1. Описание набора реальных данных
Исходный набор данных Letter Recognition Data Set из репозитория машинного обучения UCI представляет собой набор данных для многоклассовой классификации. Набор предназначен для распознавания черно-белых пиксельных прямоугольников как одну из 26 заглавных букв английского алфавита, где буквы алфавита представлены в 16 измерениях. Чтобы получить данные, подходящие для обнаружения аномалий, была произведена подвыборка данных из 3 букв, чтобы сформировать нормальный класс, и случайным образом их пары были объединены так, чтобы их размерность удваивалась. Чтобы сформировать класс аномалий, случайным образом были выбраны несколько экземпляров букв, которые не входят нормальный класс, и они были объединены с экземплярами из нормального класса. Процесс объединения выполняется для того, чтобы сделать обнаружение более сложным, поскольку каждый аномальный пример также будет иметь некоторые нормальные значения признаков.
-
Количество признаков - 32
-
Количество примеров - 1600
-
Количество нормальных примеров - 1500
-
Количество аномальных примеров - 100
2. Загрузка многомерной обучающей выборки
train= np.loadtxt('letter_train.txt', dtype=float)

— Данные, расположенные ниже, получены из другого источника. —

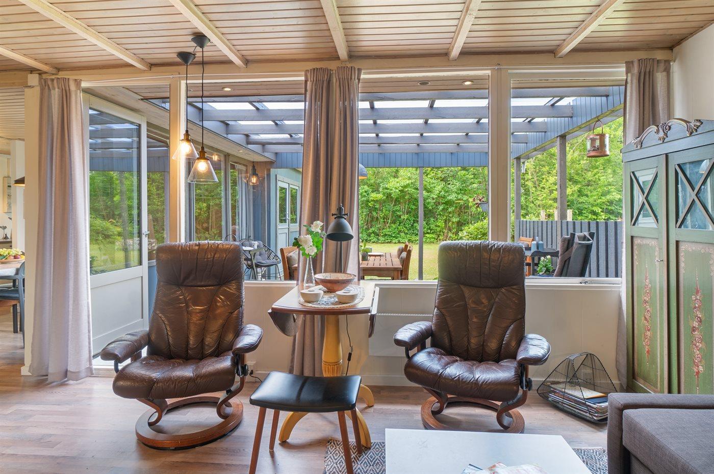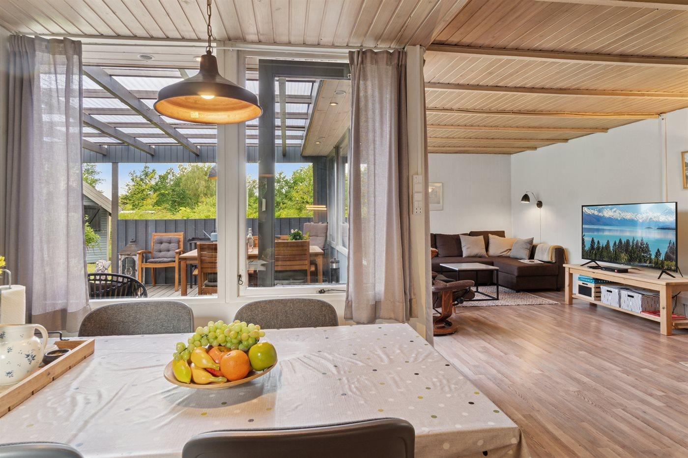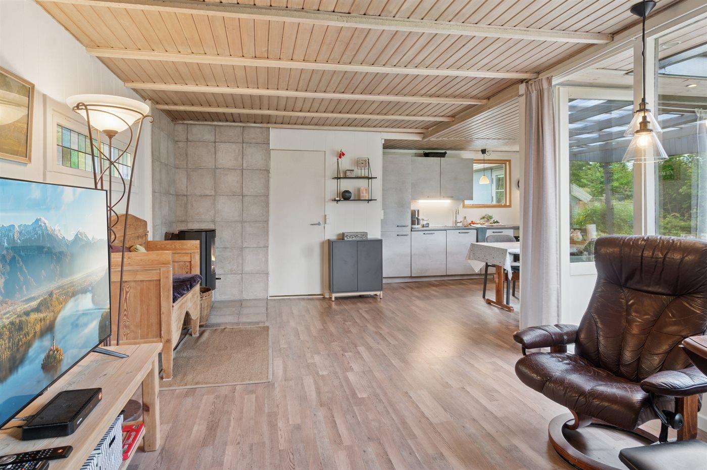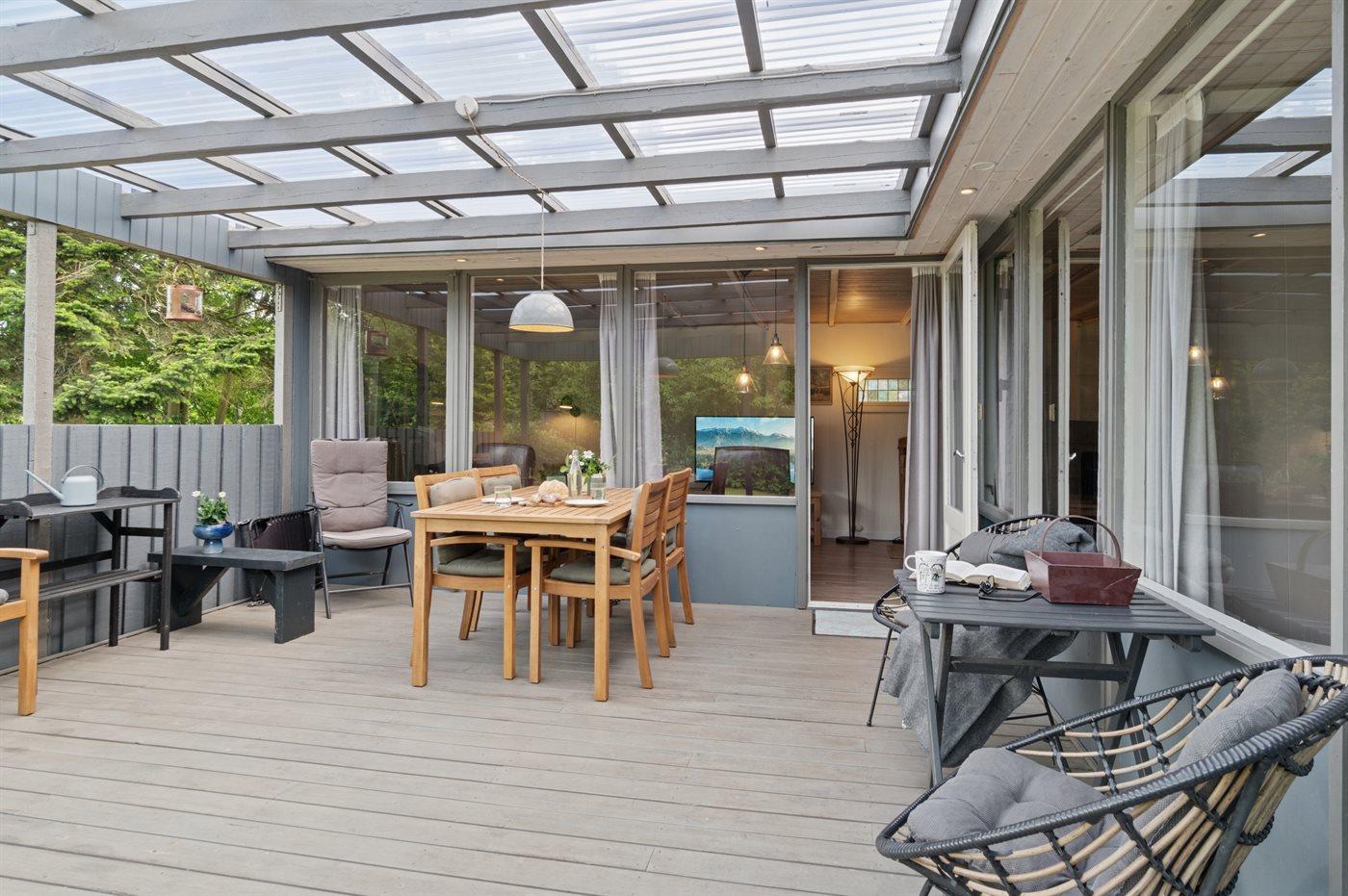 Huset indeholder et dejligt køkkenalrum i åben forbindelse med stuen og, herfra er der udgang til en stor overdækket terrasse, hvor der er god mulighed for at finde skygge og læ og nyde de lange sommeraftener.

test = np.loadtxt('letter_test.txt', dtype=float)
3. Вывод данных и размера выборки
print('Исходные данные:')
print(train)
print('Размерность данных:')
print(train.shape)
Исходные данные:
[[ 6. 10. 5. ... 10. 2. 7.]
[ 0. 6. 0. ... 8. 1. 7.]
[ 4. 7. 5. ... 8. 2. 8.]
...
[ 7. 10. 10. ... 8. 5. 6.]
[ 7. 7. 10. ... 6. 0. 8.]
[ 3. 4. 5. ... 9. 5. 5.]]
Размерность данных:
(1500, 32)
4. Создание и обучение автокодировщика с подходящей для данных архитектурой.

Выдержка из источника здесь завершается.